# Quick M9/92 question



## Anarius (Mar 8, 2008)

Do Model 92 grips fit the M9? I'm picking up a M9 with crimson trace grips and I just don't like them, so I want to put factory stock on, but can only find model 92 grips. Incidentally, does anyone want some crimson trace M9 grips?


Thanks,


----------



## Wyatt (Jan 29, 2008)

I believe the stock grips are the same for both the 92 and M9. You might PM Mike Barham since he would know for sure.

May I ask what it is you do not like about the CT grips? Is it the bulkier size or what.


----------



## Scratchshooter40 (Jun 17, 2008)

*M9/92 grips*

The M-9 and 92 grips are identical. I have a pair of standard Beretta plastic grips in an old Hogue plastic case that the Hogue Panel style rubber grips (like those found on the Inox 96 and 92 have). You are welcome to them. Just PM me you address and I'll mail them. I have more comfort and security with the Hogue panel style (without finger grooves) on my two 96's.

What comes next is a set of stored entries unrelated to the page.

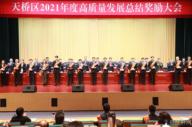 2月27日上午,济南市天桥区2021年度高质量发展总结奖励大会召开。区委书记韩伟出席会议并讲话,区委副书记、区长张庆国主持会议。大会对获奖企业、单位和个人代表进行了表彰,山东极悦娱乐集团有限公司公司党委书记、董事长杨耀东获得“2021年度经济建设功勋奖”荣誉称号。
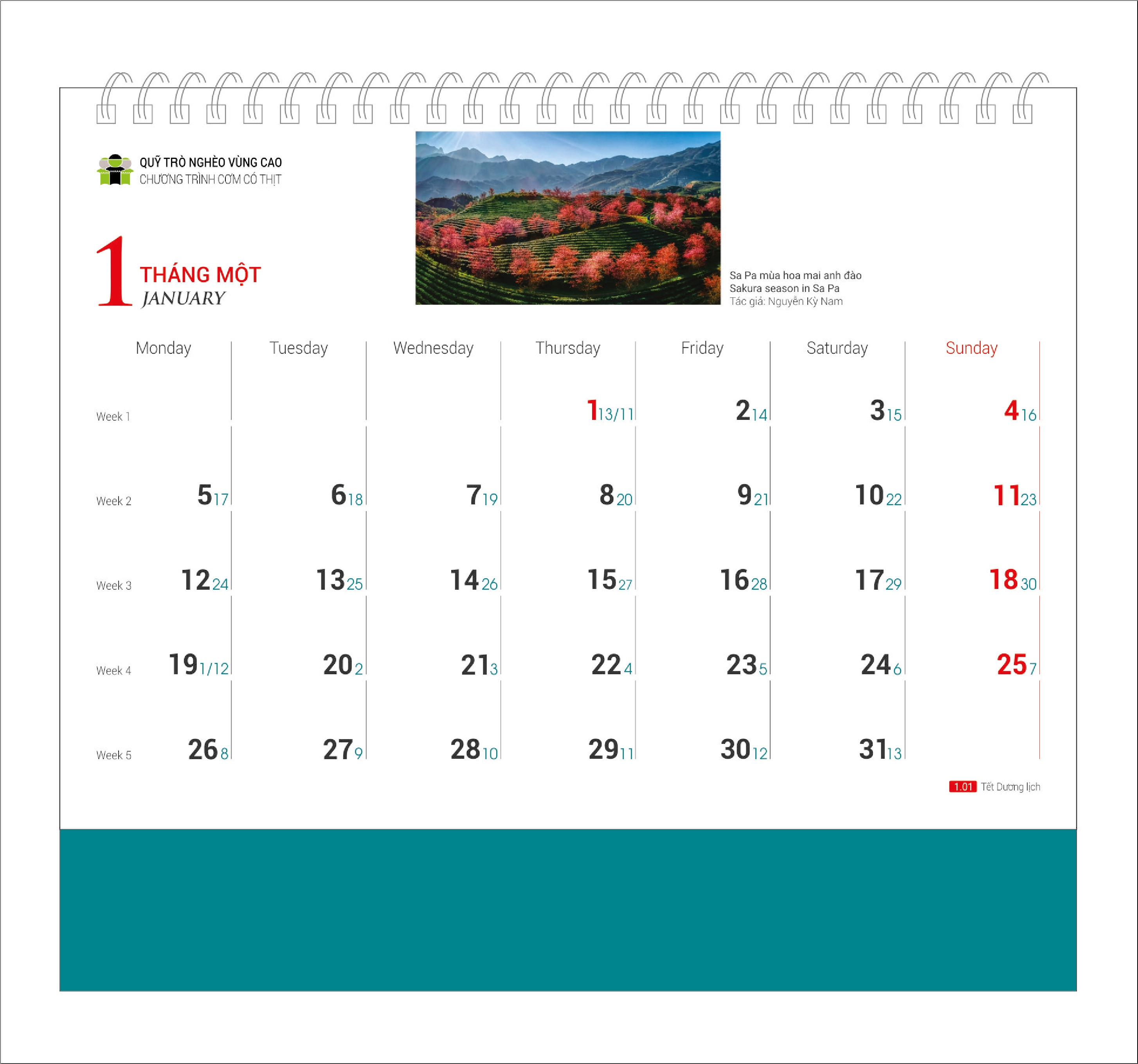 LỊCH ĐỂ BÀN PHONG CẢNH VÙNG CAO 2026 - LỊCH GÂY QUỸ TỪ THIỆN CƠM CÓ THỊT
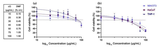 Cell viability of NIH/ 3T3, HaCaT and THP-1 cells after treatment with DMF for 24 (a) and 48 h (b). The corresponding concentrations (% v/v) of the solvent DMF with cG’s doses are being depicted in the table on the left.
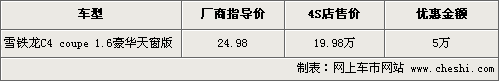 據(jù)4S店銷售人員介紹,目前銷售的C4轎跑車只有頂配1.6豪華天窗版,店內(nèi)有銀色和紅色現(xiàn)車供應(yīng),數(shù)量有限。頂配版原來廠商指導(dǎo)價格為24.98萬元,現(xiàn)在售價僅為19.98萬,直降5萬元現(xiàn)金,車價不足20萬元。
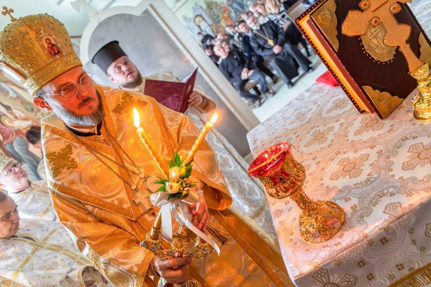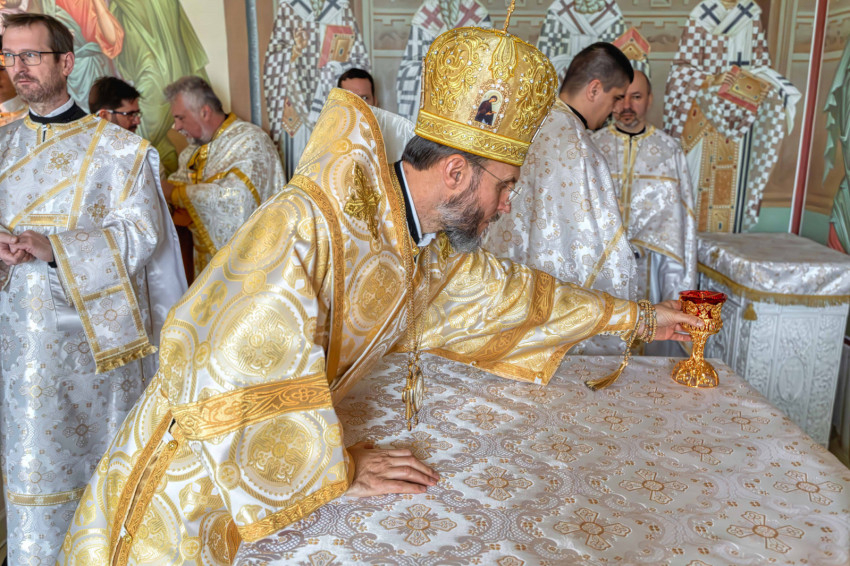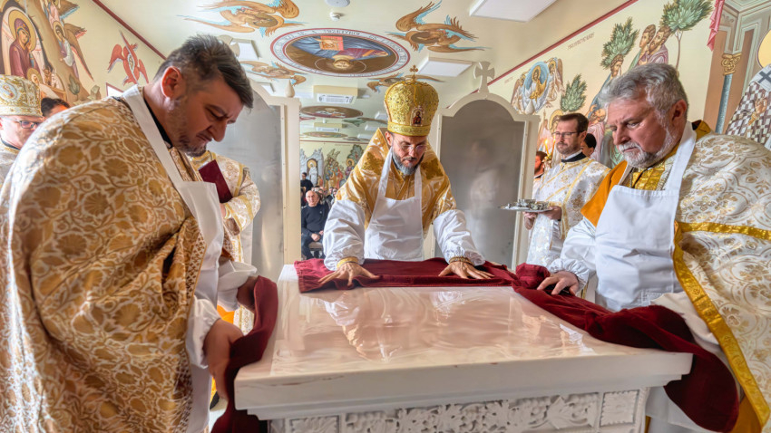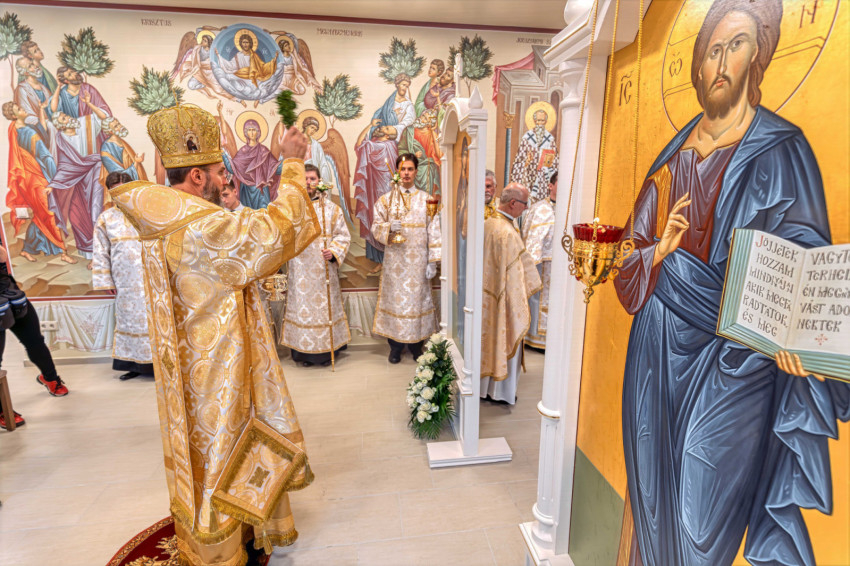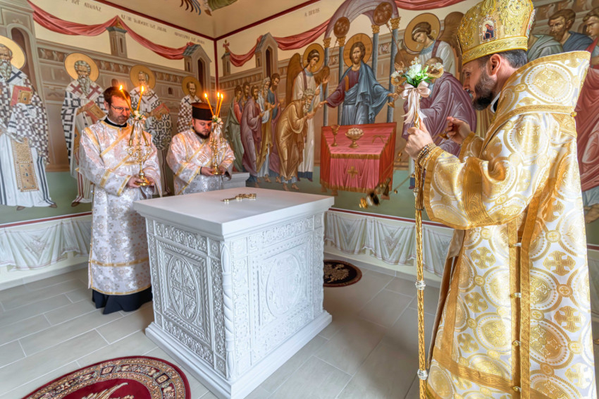 A püspökségi dolgozók heti közös imádságának helyszínt adó liturgikus tér a közelmúltban teljes figurális festést kapott, amelynek befejeztével új oltárt helyeztek el a szentélyben. A keleti hagyomány szerint az oltár Krisztust jelképezi, ezért szentelése különös jelentőséggel bír: a szertartás során a püspök tömjénezéssel, szenteltvízzel és vörösborral vegyített rózsavízzel tisztította meg a felületet, majd miroválta azt. A rítus Krisztus keresztelkedését, áldozatát és sírba tételét szimbolizálja.
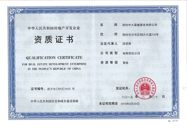 近日,中大豪盛地产集团母公司荆州中大豪盛置业有限公司喜领房地产开发企业一级资质证书,成为荆州唯一(湖北共28家)持一级资质的房地产开发企业。

By the way, I have the LaserMax LMS-1441 in my Bruniton finish 96. Dead on accurate and does not add any bulk. 3 year warranty and so far no issues.


----------



## DJ Niner (Oct 3, 2006)

Scratchshooter40 said:


> The M-9 and 92 grips are identical. I have a pair of standard Beretta plastic grips in an old Hogue plastic case that the Hogue Panel style rubber grips (like those found on the Inox 96 and 92 have). You are welcome to them. Just PM me you address and I'll mail them. I have more comfort and security with the Hogue panel style (without finger grooves) on my two 96's.
> 
> By the way, I have the LaserMax LMS-1441 in my Bruniton finish 96. Dead on accurate and does not add any bulk. 3 year warranty and so far no issues.


That's a very generous offer, Scratchshooter40. Thanks for making a fellow shooter's life a little easier/brighter!

I should mention, however, that the older Beretta 92 grips may not fit properly on the newer frames that have the large-headed hammer pin that sticks-out slightly and rides in a groove on the bottom edge of the slide (broken slide capture mod from the factory). If I remember correctly, the (left?) grip has to have a circular relief cut for the larger head of the newer hammer pin; older guns had a flush-fitting pin, so no relief cut was needed. I suppose a handy person with a moto-grinder could carve a relief cut in the appropriate spot of the older style grip, if done with care (panel is not very thick in this area). It's also possible that the guns in question are both of the same approximate vintage, and the grips will work without modification. Just thought I'd mention it, as I've seen this type of problem crop-up before with the M9/92FS.


----------



## Scratchshooter40 (Jun 17, 2008)

*92/96 grip generations*

Roger that on the grip difference in the generation of the handgun. Hogue Grips come with an insert that can and does need to be used depending on the age of the handgun and its hammer pin. The grips I have are from a 96 purchased last year to replace an older model. Hope they will serve in this instance.


----------



## DJ Niner (Oct 3, 2006)

Scratchshooter40 said:


> ...
> Hogue Grips come with an insert that can and does need to be used depending on the age of the handgun and its hammer pin.
> ...


I did not know this; handy info to have! Thanks again!


----------



## Anarius (Mar 8, 2008)

Cool, thanks.

I will PM you when I get the gun. I don't like the laser grips because my hands are TOO large (yes, even though its a m9). The laser housing interferes with my grip. Its not bad and I'd use them in a pinch, but I'd prefer not to have them.

Thanks again.


----------



## Scratchshooter40 (Jun 17, 2008)

No problem. I also have a pair of Hogue panel style rubber grips like I use on mine taking up space in my parts drawer. I also have fairly large hands and you can have them if you want them. I will mail also. Try an inox with the black rubber grips at your local gunshop. If that works for you, I'll send the Hogue, if not I'll send the OEM plastic. Your call.


----------